> Material to process:
+---+
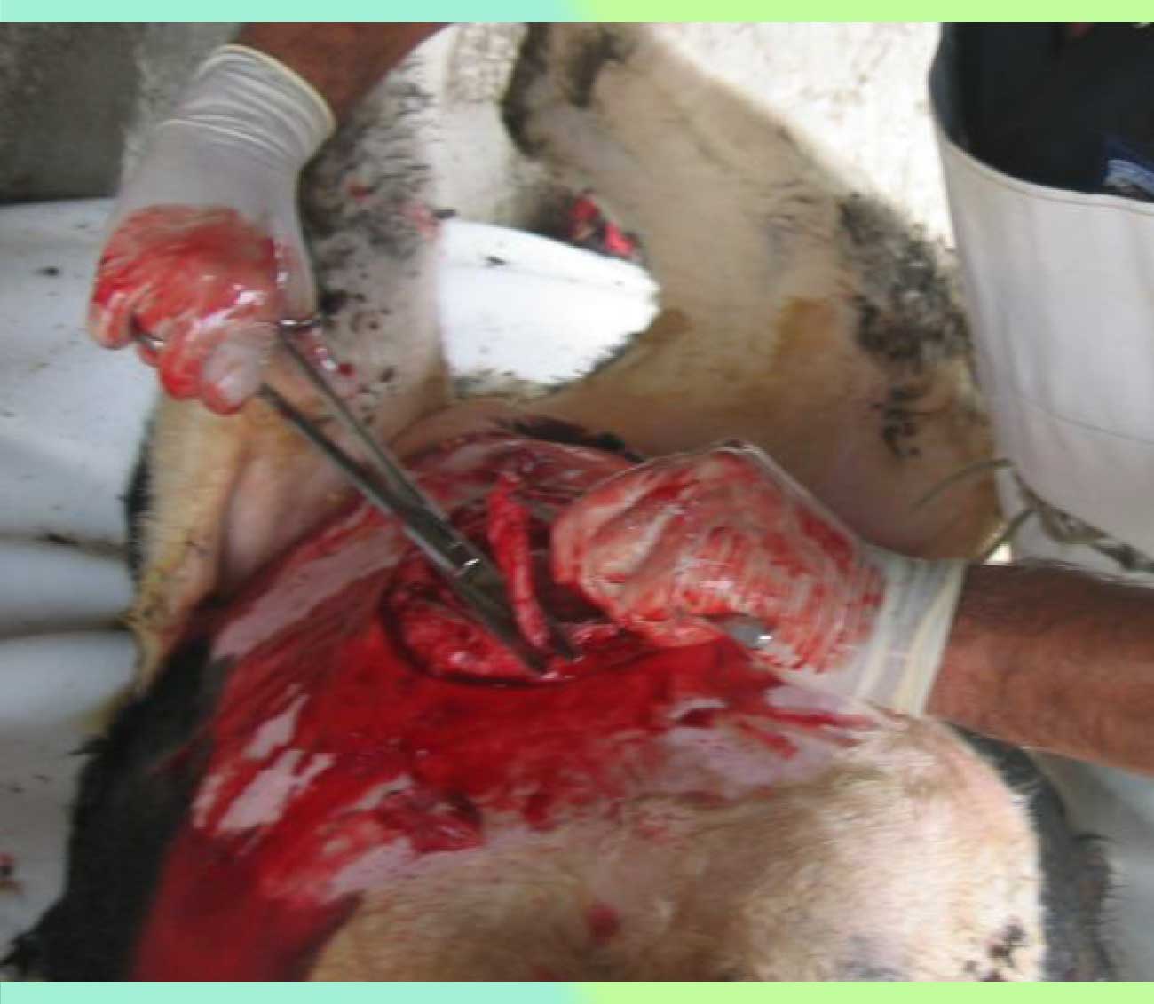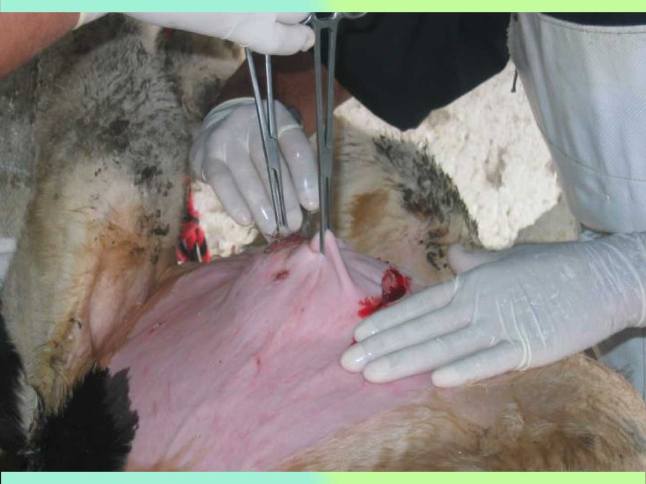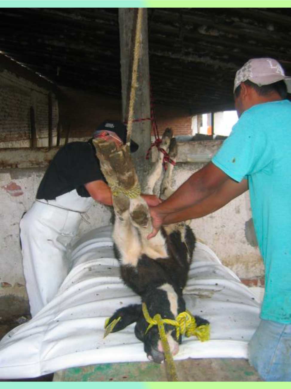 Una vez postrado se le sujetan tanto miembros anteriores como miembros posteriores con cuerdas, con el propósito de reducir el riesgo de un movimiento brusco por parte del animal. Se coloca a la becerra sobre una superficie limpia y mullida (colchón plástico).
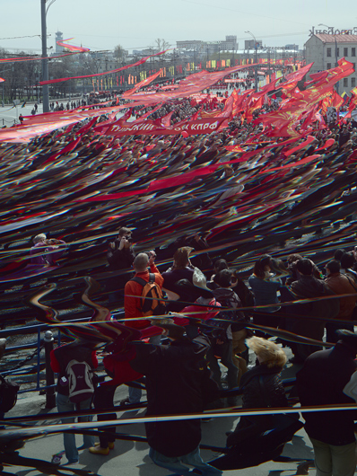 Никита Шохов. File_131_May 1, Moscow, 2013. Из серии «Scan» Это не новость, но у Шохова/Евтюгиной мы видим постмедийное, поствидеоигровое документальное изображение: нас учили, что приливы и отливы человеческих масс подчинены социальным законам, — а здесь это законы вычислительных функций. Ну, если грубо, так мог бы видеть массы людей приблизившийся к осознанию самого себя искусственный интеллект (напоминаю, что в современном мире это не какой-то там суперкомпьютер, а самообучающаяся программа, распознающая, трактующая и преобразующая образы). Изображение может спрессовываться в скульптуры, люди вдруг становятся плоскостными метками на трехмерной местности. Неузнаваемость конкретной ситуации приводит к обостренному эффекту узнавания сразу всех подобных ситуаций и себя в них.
+---+
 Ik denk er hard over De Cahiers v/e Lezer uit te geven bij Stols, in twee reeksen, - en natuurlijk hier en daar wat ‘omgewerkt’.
+---+
> What to produce: With pictures omitted, repeat the entries above word for word from the line holding "Una vez postrado" down to the line holding "Никита Шохов. File_131_May", keeping both of those lines.

> Written answer:
 Una vez postrado se le sujetan tanto miembros anteriores como miembros posteriores con cuerdas, con el propósito de reducir el riesgo de un movimiento brusco por parte del animal. Se coloca a la becerra sobre una superficie limpia y mullida (colchón plástico).
 Никита Шохов. File_131_May 1, Moscow, 2013. Из серии «Scan» Это не новость, но у Шохова/Евтюгиной мы видим постмедийное, поствидеоигровое документальное изображение: нас учили, что приливы и отливы человеческих масс подчинены социальным законам, — а здесь это законы вычислительных функций. Ну, если грубо, так мог бы видеть массы людей приблизившийся к осознанию самого себя искусственный интеллект (напоминаю, что в современном мире это не какой-то там суперкомпьютер, а самообучающаяся программа, распознающая, трактующая и преобразующая образы). Изображение может спрессовываться в скульптуры, люди вдруг становятся плоскостными метками на трехмерной местности. Неузнаваемость конкретной ситуации приводит к обостренному эффекту узнавания сразу всех подобных ситуаций и себя в них.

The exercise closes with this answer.